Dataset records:

BEGIN

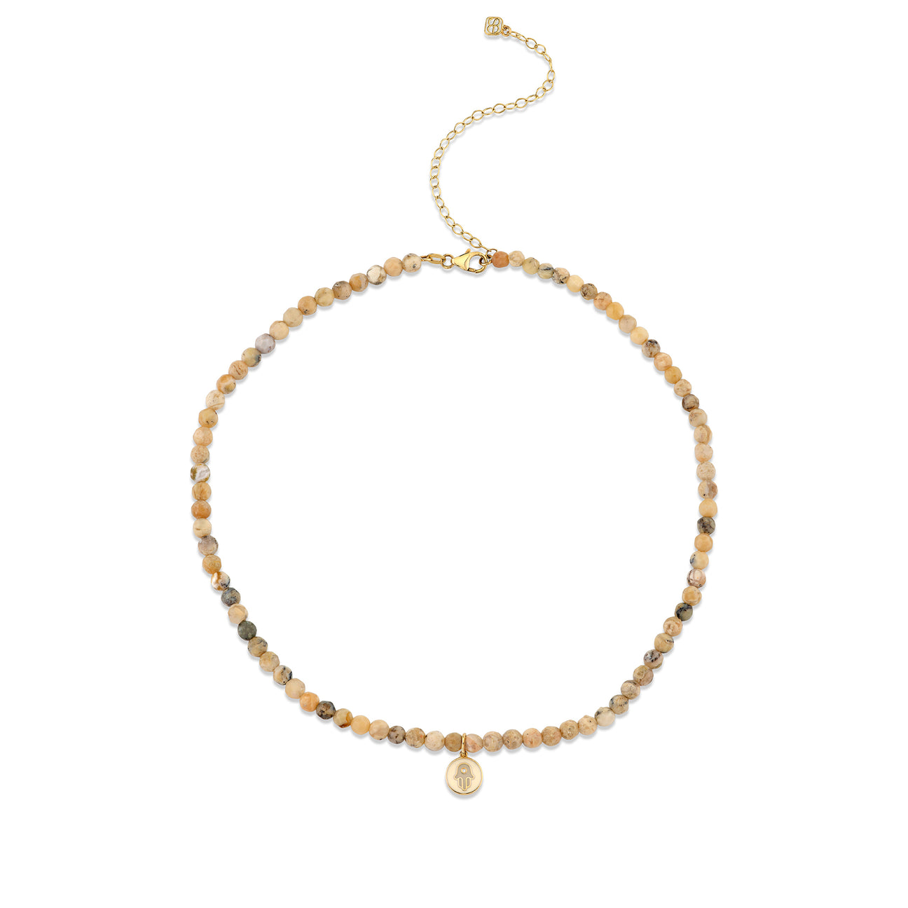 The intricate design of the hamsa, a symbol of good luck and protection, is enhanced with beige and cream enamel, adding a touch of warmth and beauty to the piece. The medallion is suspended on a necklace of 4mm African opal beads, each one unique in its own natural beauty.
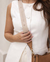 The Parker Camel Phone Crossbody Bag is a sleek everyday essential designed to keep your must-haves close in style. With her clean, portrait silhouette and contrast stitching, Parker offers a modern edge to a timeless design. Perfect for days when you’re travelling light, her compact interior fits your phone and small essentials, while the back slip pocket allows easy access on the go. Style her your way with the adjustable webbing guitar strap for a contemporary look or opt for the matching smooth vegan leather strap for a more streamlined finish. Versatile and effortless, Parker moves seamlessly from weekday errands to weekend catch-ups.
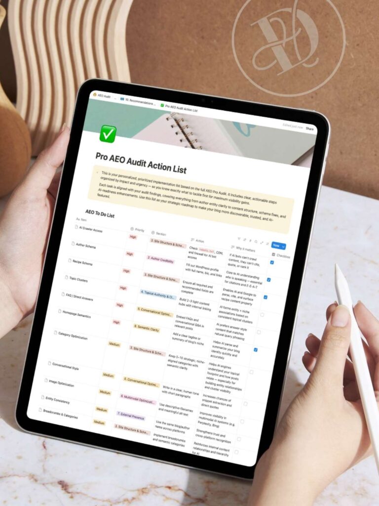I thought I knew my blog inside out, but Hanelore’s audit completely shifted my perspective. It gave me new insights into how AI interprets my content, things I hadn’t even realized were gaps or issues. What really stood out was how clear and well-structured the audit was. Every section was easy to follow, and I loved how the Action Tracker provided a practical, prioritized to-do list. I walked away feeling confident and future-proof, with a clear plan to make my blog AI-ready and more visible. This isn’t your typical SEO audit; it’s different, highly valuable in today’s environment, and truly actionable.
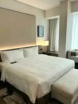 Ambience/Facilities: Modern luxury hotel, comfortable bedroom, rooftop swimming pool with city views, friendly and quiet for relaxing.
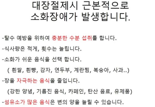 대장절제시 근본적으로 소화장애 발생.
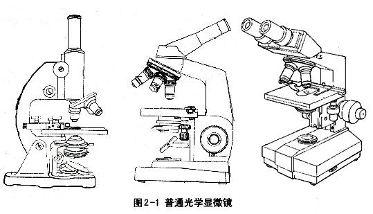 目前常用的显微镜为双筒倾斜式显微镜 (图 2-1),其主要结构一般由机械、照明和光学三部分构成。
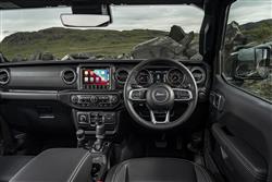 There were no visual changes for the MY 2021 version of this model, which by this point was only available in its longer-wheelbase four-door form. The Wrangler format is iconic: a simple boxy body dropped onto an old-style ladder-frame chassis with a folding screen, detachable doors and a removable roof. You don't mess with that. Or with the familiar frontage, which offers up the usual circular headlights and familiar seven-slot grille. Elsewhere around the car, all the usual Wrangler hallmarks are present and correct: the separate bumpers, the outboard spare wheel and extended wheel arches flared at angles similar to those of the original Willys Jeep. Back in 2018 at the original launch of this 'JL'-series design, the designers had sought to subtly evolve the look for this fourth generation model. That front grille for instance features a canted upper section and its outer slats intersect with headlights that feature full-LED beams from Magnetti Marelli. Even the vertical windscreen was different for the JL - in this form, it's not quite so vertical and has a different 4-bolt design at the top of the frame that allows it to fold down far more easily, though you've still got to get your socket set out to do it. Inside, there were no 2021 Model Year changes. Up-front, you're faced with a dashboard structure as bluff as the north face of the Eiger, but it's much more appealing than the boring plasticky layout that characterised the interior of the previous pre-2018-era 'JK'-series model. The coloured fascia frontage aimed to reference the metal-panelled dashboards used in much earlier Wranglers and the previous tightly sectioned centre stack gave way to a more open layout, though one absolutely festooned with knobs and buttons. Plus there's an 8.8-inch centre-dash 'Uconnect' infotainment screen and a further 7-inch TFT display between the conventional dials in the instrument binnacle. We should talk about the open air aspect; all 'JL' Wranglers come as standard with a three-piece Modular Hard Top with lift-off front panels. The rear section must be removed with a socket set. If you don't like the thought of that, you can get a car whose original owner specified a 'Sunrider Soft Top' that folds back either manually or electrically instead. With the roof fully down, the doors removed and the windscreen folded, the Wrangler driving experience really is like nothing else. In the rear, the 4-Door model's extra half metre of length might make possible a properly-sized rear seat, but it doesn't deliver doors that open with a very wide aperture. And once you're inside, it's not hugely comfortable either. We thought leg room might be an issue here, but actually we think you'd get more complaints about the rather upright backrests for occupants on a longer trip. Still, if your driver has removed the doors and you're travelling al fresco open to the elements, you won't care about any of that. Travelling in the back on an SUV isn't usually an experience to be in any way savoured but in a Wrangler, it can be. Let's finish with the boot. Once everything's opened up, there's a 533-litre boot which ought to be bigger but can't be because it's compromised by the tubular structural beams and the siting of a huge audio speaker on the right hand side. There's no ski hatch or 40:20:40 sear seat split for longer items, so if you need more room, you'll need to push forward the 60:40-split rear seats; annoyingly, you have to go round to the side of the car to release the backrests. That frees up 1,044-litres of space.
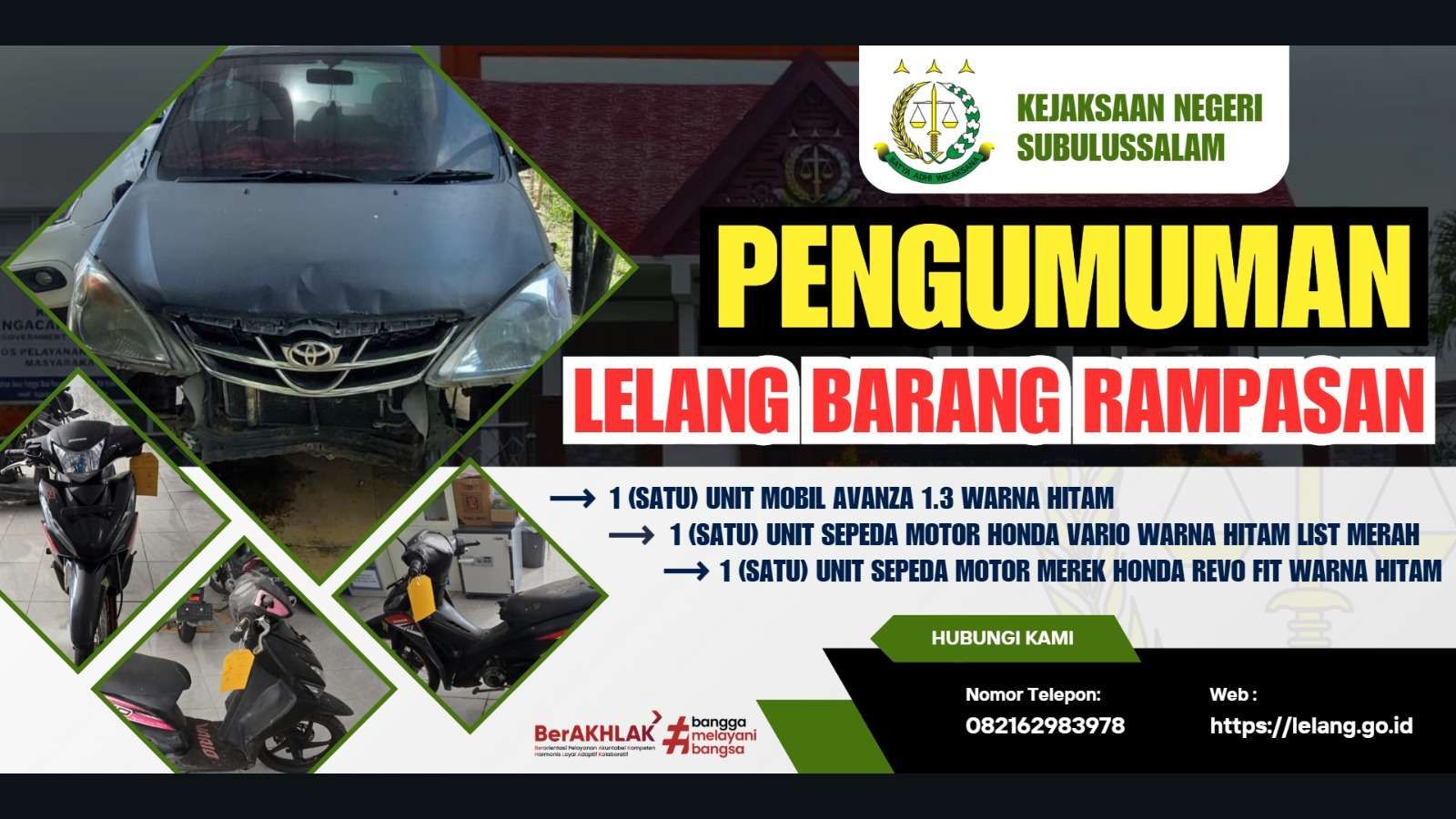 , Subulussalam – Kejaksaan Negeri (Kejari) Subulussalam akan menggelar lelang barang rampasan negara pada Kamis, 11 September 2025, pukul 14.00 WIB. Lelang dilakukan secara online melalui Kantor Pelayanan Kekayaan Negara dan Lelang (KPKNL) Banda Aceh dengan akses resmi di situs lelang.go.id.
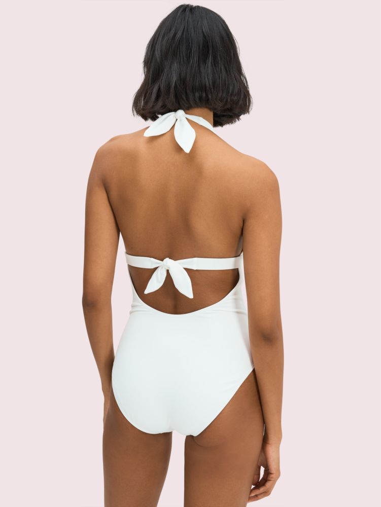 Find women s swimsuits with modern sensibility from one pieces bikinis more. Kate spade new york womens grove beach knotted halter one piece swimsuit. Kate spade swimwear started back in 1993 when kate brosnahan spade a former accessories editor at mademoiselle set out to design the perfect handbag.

END

EXERCISE DESCRIPTION: Set every entry down again exactly as written, and omit the images.

THE ANSWER:
 The intricate design of the hamsa, a symbol of good luck and protection, is enhanced with beige and cream enamel, adding a touch of warmth and beauty to the piece. The medallion is suspended on a necklace of 4mm African opal beads, each one unique in its own natural beauty.
 The Parker Camel Phone Crossbody Bag is a sleek everyday essential designed to keep your must-haves close in style. With her clean, portrait silhouette and contrast stitching, Parker offers a modern edge to a timeless design. Perfect for days when you’re travelling light, her compact interior fits your phone and small essentials, while the back slip pocket allows easy access on the go. Style her your way with the adjustable webbing guitar strap for a contemporary look or opt for the matching smooth vegan leather strap for a more streamlined finish. Versatile and effortless, Parker moves seamlessly from weekday errands to weekend catch-ups.
I thought I knew my blog inside out, but Hanelore’s audit completely shifted my perspective. It gave me new insights into how AI interprets my content, things I hadn’t even realized were gaps or issues. What really stood out was how clear and well-structured the audit was. Every section was easy to follow, and I loved how the Action Tracker provided a practical, prioritized to-do list. I walked away feeling confident and future-proof, with a clear plan to make my blog AI-ready and more visible. This isn’t your typical SEO audit; it’s different, highly valuable in today’s environment, and truly actionable.
 Ambience/Facilities: Modern luxury hotel, comfortable bedroom, rooftop swimming pool with city views, friendly and quiet for relaxing.
 대장절제시 근본적으로 소화장애 발생.
 目前常用的显微镜为双筒倾斜式显微镜 (图 2-1),其主要结构一般由机械、照明和光学三部分构成。
 There were no visual changes for the MY 2021 version of this model, which by this point was only available in its longer-wheelbase four-door form. The Wrangler format is iconic: a simple boxy body dropped onto an old-style ladder-frame chassis with a folding screen, detachable doors and a removable roof. You don't mess with that. Or with the familiar frontage, which offers up the usual circular headlights and familiar seven-slot grille. Elsewhere around the car, all the usual Wrangler hallmarks are present and correct: the separate bumpers, the outboard spare wheel and extended wheel arches flared at angles similar to those of the original Willys Jeep. Back in 2018 at the original launch of this 'JL'-series design, the designers had sought to subtly evolve the look for this fourth generation model. That front grille for instance features a canted upper section and its outer slats intersect with headlights that feature full-LED beams from Magnetti Marelli. Even the vertical windscreen was different for the JL - in this form, it's not quite so vertical and has a different 4-bolt design at the top of the frame that allows it to fold down far more easily, though you've still got to get your socket set out to do it. Inside, there were no 2021 Model Year changes. Up-front, you're faced with a dashboard structure as bluff as the north face of the Eiger, but it's much more appealing than the boring plasticky layout that characterised the interior of the previous pre-2018-era 'JK'-series model. The coloured fascia frontage aimed to reference the metal-panelled dashboards used in much earlier Wranglers and the previous tightly sectioned centre stack gave way to a more open layout, though one absolutely festooned with knobs and buttons. Plus there's an 8.8-inch centre-dash 'Uconnect' infotainment screen and a further 7-inch TFT display between the conventional dials in the instrument binnacle. We should talk about the open air aspect; all 'JL' Wranglers come as standard with a three-piece Modular Hard Top with lift-off front panels. The rear section must be removed with a socket set. If you don't like the thought of that, you can get a car whose original owner specified a 'Sunrider Soft Top' that folds back either manually or electrically instead. With the roof fully down, the doors removed and the windscreen folded, the Wrangler driving experience really is like nothing else. In the rear, the 4-Door model's extra half metre of length might make possible a properly-sized rear seat, but it doesn't deliver doors that open with a very wide aperture. And once you're inside, it's not hugely comfortable either. We thought leg room might be an issue here, but actually we think you'd get more complaints about the rather upright backrests for occupants on a longer trip. Still, if your driver has removed the doors and you're travelling al fresco open to the elements, you won't care about any of that. Travelling in the back on an SUV isn't usually an experience to be in any way savoured but in a Wrangler, it can be. Let's finish with the boot. Once everything's opened up, there's a 533-litre boot which ought to be bigger but can't be because it's compromised by the tubular structural beams and the siting of a huge audio speaker on the right hand side. There's no ski hatch or 40:20:40 sear seat split for longer items, so if you need more room, you'll need to push forward the 60:40-split rear seats; annoyingly, you have to go round to the side of the car to release the backrests. That frees up 1,044-litres of space.
 , Subulussalam – Kejaksaan Negeri (Kejari) Subulussalam akan menggelar lelang barang rampasan negara pada Kamis, 11 September 2025, pukul 14.00 WIB. Lelang dilakukan secara online melalui Kantor Pelayanan Kekayaan Negara dan Lelang (KPKNL) Banda Aceh dengan akses resmi di situs lelang.go.id.
 Find women s swimsuits with modern sensibility from one pieces bikinis more. Kate spade new york womens grove beach knotted halter one piece swimsuit. Kate spade swimwear started back in 1993 when kate brosnahan spade a former accessories editor at mademoiselle set out to design the perfect handbag.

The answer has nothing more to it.